(Data extracted from a collection)

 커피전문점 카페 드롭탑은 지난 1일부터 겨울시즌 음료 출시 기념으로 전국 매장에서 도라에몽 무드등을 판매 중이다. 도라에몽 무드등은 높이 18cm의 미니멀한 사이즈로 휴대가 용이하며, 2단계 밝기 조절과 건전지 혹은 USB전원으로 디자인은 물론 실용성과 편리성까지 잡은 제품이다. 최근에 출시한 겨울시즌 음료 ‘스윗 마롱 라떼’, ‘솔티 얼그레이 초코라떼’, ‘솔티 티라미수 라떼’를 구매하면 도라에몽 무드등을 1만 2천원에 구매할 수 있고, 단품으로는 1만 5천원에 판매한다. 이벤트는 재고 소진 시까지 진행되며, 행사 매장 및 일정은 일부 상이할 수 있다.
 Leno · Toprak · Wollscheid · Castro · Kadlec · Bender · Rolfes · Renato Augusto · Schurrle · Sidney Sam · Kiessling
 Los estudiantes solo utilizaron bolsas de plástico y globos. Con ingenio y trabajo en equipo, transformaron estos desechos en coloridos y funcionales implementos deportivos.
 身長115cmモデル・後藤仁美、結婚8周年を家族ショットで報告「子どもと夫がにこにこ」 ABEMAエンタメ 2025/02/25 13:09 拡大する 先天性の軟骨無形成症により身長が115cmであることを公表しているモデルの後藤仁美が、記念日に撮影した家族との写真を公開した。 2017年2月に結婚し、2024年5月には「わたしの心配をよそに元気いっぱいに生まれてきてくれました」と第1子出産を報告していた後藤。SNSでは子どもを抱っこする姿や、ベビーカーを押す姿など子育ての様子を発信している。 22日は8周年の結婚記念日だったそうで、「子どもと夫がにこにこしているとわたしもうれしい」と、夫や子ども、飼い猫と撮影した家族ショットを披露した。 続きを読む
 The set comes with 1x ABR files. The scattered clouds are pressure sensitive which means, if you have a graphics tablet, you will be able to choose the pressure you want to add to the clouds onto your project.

§ What this task involves
Please output only the lines from the one holding "身長115cmモデル・後藤仁美、結婚8周年を家族ショットで報告「子どもと夫がにこにこ」 ABEMAエンタメ 2025/02/25" to the end of the records, first and last included, exactly as they appear.

§ Your solution
 身長115cmモデル・後藤仁美、結婚8周年を家族ショットで報告「子どもと夫がにこにこ」 ABEMAエンタメ 2025/02/25 13:09 拡大する 先天性の軟骨無形成症により身長が115cmであることを公表しているモデルの後藤仁美が、記念日に撮影した家族との写真を公開した。 2017年2月に結婚し、2024年5月には「わたしの心配をよそに元気いっぱいに生まれてきてくれました」と第1子出産を報告していた後藤。SNSでは子どもを抱っこする姿や、ベビーカーを押す姿など子育ての様子を発信している。 22日は8周年の結婚記念日だったそうで、「子どもと夫がにこにこしているとわたしもうれしい」と、夫や子ども、飼い猫と撮影した家族ショットを披露した。 続きを読む
 The set comes with 1x ABR files. The scattered clouds are pressure sensitive which means, if you have a graphics tablet, you will be able to choose the pressure you want to add to the clouds onto your project.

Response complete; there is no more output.